60,000 mile warranty? I thought our drivetrain warranties were 50,000 miles. Guess I need to read the paperwork a little better.


----------



## SeaTreg (Dec 27, 2004)

*Re: CRACKED engine block!!! (Archimedes)*

We have a 5 year 60000 mile warranty on the powertrain. Hard to believe this guy has nearly 60K already! Thats a lot of driving for a 2005.


----------



## SchnellFowVay (May 20, 2001)

*Re: CRACKED engine block!!! (SeaTreg)*


_Quote, originally posted by *SeaTreg* »_We have a 5 year 60000 mile warranty on the powertrain. Hard to believe this guy has nearly 60K already! Thats a lot of driving for a 2005.

That's correct.
My dad owns a large company and puts about 25k - 30k miles on the car per year between going on sales trips and driving between warehouses, etc...
It was the first 2005 vehicle they got at the dealership in August, 2004. THus, it's a little under 2 years old.


----------



## madwoman (Jul 25, 2006)

*Re: CRACKED engine block!!! (VarLordahl)*

It's happening right now!

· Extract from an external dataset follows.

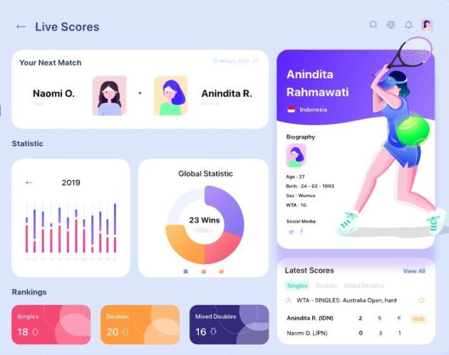 下面,我们以Pixso资源社区“网球运动数据可视化”为案例,带大家深入剖析数据可视化UI设计。通常来说,数据的呈现大多以饼状图、柱状图、仪表盘等形式呈现,而在设计的过程中,如何清晰的呈现数据信息,素材元素如何高效获取,成为设计师关心的问题,而Pixso成为很多设计师的优选方案。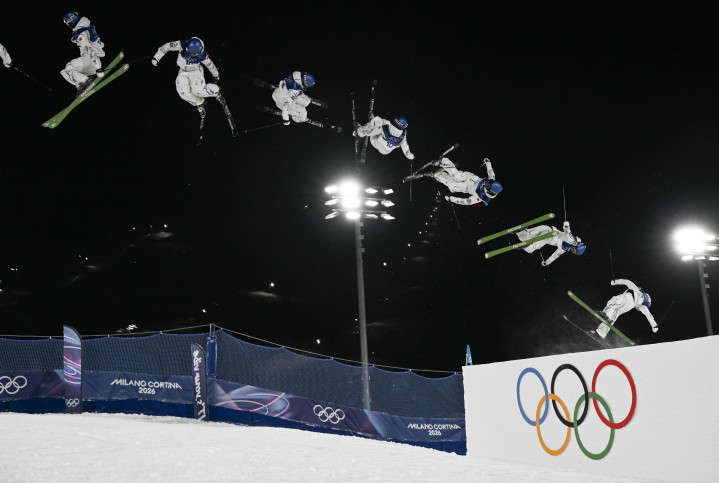 2月14日,比赛下注app中国选手谷爱凌在解放式滑雪女子大跳台经验赛中(多重曝光像片)。新华社记者夏一方摄

Dealership still "investigating" the cause, and we're in week two! Sales manager has just stepped up to do the right thing and provide a loaner.


----------



## spockcat (Jun 5, 2003)

*Re: CRACKED engine block!!! (madwoman)*


_Quote, originally posted by *madwoman* »_It's happening right now! Dealership still "investigating" the cause, and we're in week two! Sales manager has just stepped up to do the right thing and provide a loaner.

Can we assume that this is on the GTI that you show in your profile?


----------



## madwoman (Jul 25, 2006)

*Re: CRACKED engine block!!! (spockcat)*


_Quote, originally posted by *spockcat* »_Can we assume that this is on the GTI that you show in your profile?

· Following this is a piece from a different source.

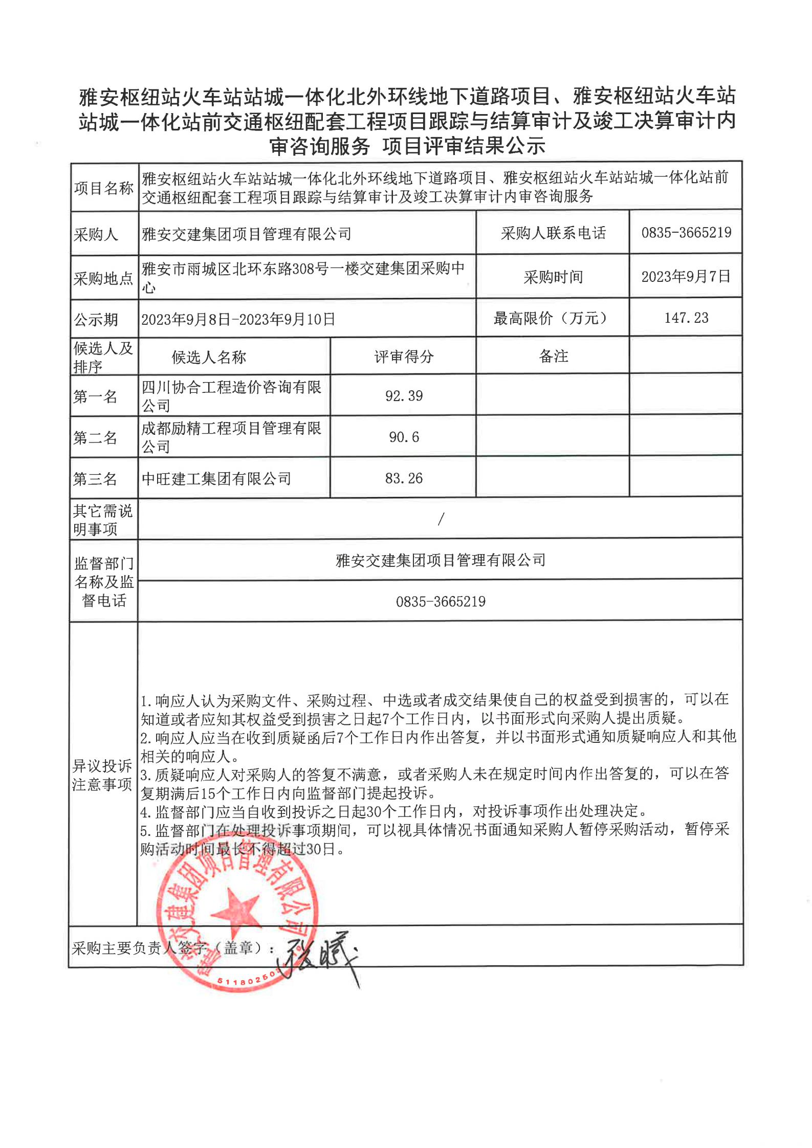 雅安交建集團(tuán)項目管理有限公司雅安樞紐站火車站站城一體化北外環(huán)線地下道路項目、樞紐站火車站站成一體化站前交通樞紐配套工程項目跟蹤與結(jié)算審計及竣工決算審計內(nèi)審咨詢服務(wù)項目評審結(jié)果公示

Yes. 10K miles, leased 10/2005.


----------



## bigscout79 (Aug 24, 2004)

*Re: CRACKED engine block!!! (madwoman)*

VarLordahl, what dealership you going through?


----------



## bonestockgolf (Oct 16, 2004)

*Re: CRACKED engine block!!! (VarLordahl)*


_Quote, originally posted by *VarLordahl* »_My dad has never off-roaded the vehicle, much less even driven it hard.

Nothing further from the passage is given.